Não está fora de ordem, pois o que menos observo são discussões sobre seleção nos grupos de selecionadores. Não é trocadilho. Não é crítica. É constatação. Talvez o assunto seleção já esteja meio superado, talvez a maioria já se rendeu aos programas de melhoramento e vamos correr atrás de números, talvez nem valha a pena começar essa conversa, pois seleção é tema como política e religião. Áreas da vida onde a lente fica meio desfocada pelas paixões ou embaçada pelas lágrimas.
Recentemente, li uma boa troca de mensagens sobre animais mais selecionados pela natureza do que pela mão do homem. Entrou em pauta a necessária discussão sobre adaptação ao meio ou seleção para produção, para a famosa “performance”. Contive-me e não participei. Fiquei até orgulhoso de mim: não entrar nesse ringue deve ser um amadurecimento. Maturidade um pouco tardia. Apesar de porte médio, devo ter biótipo tardio, que precisa de quase 50 anos para não entrar numa discussão em que não foi chamado. Daquela boa e espontânea discussão, me veio a ideia deste texto. A minha fonte de ideias estava meio seca como a estiagem no RS; os grupos me hidrataram.
Selecionamos os bovinos pela cabeça dos jurados, pelas forças da natureza ou pelas orientações do mercado?
Um termo que ouço repetidamente é o tal padrão racial: “temos de preservar a pureza, o standard, o selo, a beleza racial, a nobreza da raça”. Já ouviu algo assim ou semelhante? Duvido que não.
Mas como foram estabelecidos os tais padrões raciais? Um grupo de criadores une-se, forma uma associação de raça e descreve o que é padrão naquela raça e o que não é. Regulamenta-se. Aplica-se. As intenções são as melhores. O objetivo é multiplicar animais com aquelas características produtivas do grupo inicial; o visual dos animais é a ferramenta. O visual é tipo uma capa ou tampa dos genes que buscamos. Garrafa com rótulo de Coca Cola deve ter Coca Cola dentro.
O que me aborrece um pouco nas discussões sobre caracterização racial são algumas visões um pouco extremadas ou radicais. Exemplo: a cabeça do Angus é assim; se não for, não é Angus. É atípico, é impuro, etc. Parte-se do pressuposto de que a pureza está conectada intimamente com um padrão visual, porém esse padrão visual defendido é o retrato de um período do tempo. É a cabeça do Angus nas fotos dos anos 50 e 60, talvez. É um desenho num adesivo ou logotipo. É um período da linha do tempo da raça e do que era mais buscado ou multiplicado.

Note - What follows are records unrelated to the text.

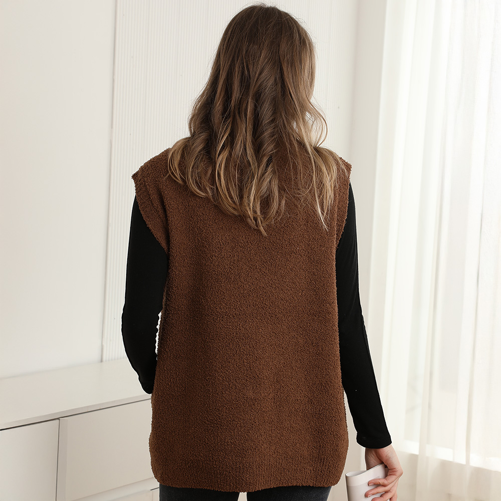 Cozy Solid Oversized Zipper Front Pocket Sweater Vest
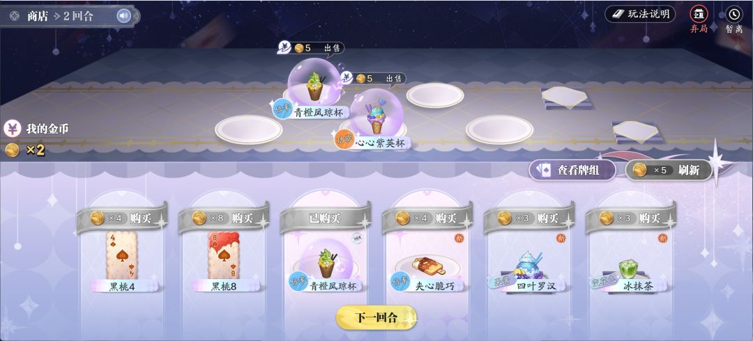 每回合通关后均会开启,开启后可消耗金币购买饼干牌、甜品、饮料,这三种道具各会刷新2个。也可消耗金币手动重新刷新全部商品,刷新消耗逐步增加,且每次开启商店均有刷新次数上限,下一次开启商店时将重置刷新消耗。
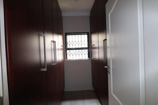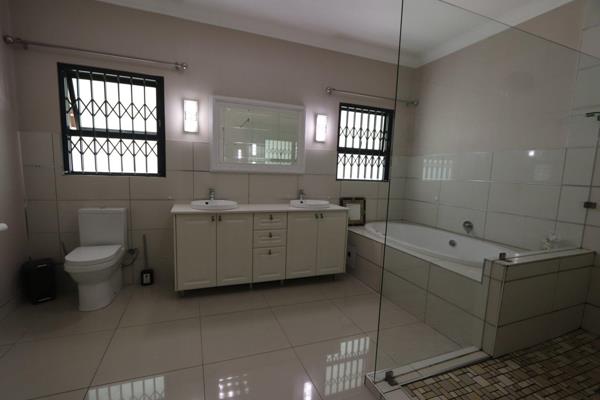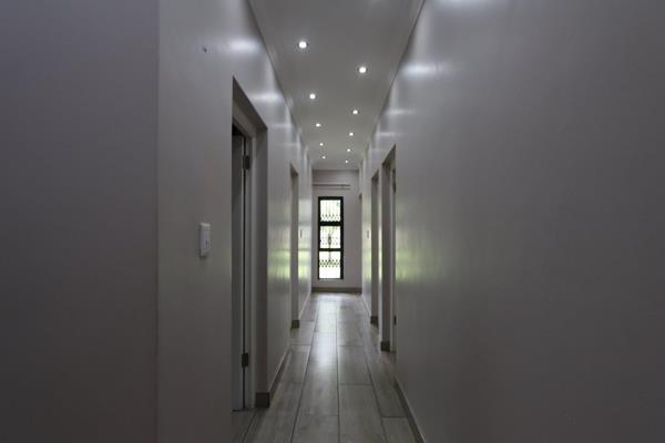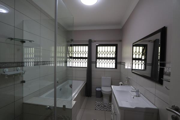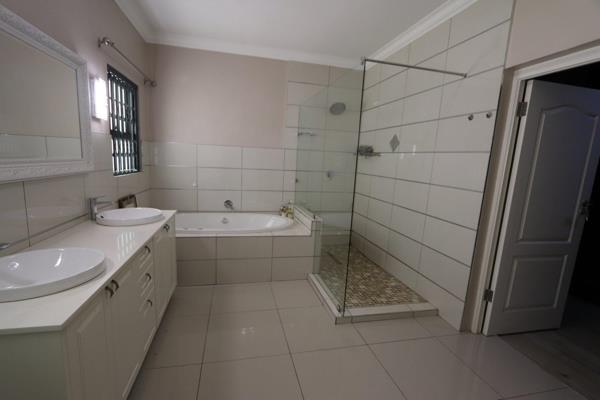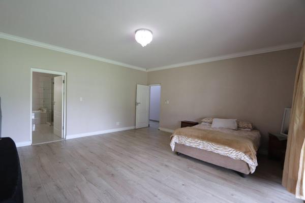 The kitchen is well-equipped with a gas stove, ample storage, and a separate pantry. A dedicated laundry room adds convenience. The property boasts a double garage with electric doors, ensuring security and ease of access. Additional facilities include a workers room, two storage rooms, and a small lapa overlooking a sparkling poolideal for outdoor entertainment.

Visitei a Aberdeen Angus Cattle Society, em Perth na Escócia (jan/2009). É a entidade que controla a raça no Reino Unido desde 1879. Fiquei um pouco surpreso que a maioria das imagens que vi lá não se pareciam com os animais que chamávamos aqui de Angus original ou escocês. A entidade é quase uma viagem no tempo, cheia de vacas e touros importantes empalhados pelas paredes. Entre eles, estava o desenho da Old Granny 125 (Geração 1824), uma das matrizes mais famosas e fundadoras da raça. Essa matriz morreu aos 35 anos e teve 29 produtos. Ela tinha uma cabeça grande e comprida. Perguntei sobre esse Angus que chamamos de original, de porte pequeno, pata curta, de cabeça bem reduzida. Eles me responderam que a raça foi assim em um período da história. Por lá, vi também várias fotos ou desenhos de animais com úberes brancos ou ventres manchados. Nossa! É quase pornografia! Manchas brancas! Mas isso não é impureza, Velloso? Não sei responder. Vamos consultar os regulamentos.
Aos que já visitaram a Associação Argentina de Angus, no bairro Palermo, basta lembrar os quadros dos grandes campeões desde 1908 até a atualidade. A raça encolheu, cresceu, encolheu de novo e assim segue. E as cabeças, naturalmente, acompanharam os corpos. Curiosamente, o touro de 1908 é bem parecido com o que buscamos hoje. Eu e o colega Dimas Rocha participamos da 27ª Escuela de Jurados AnGus por lá em 2013. Foram cinco dias de imersão Angus e a parede cheia de quadros nos inquietou.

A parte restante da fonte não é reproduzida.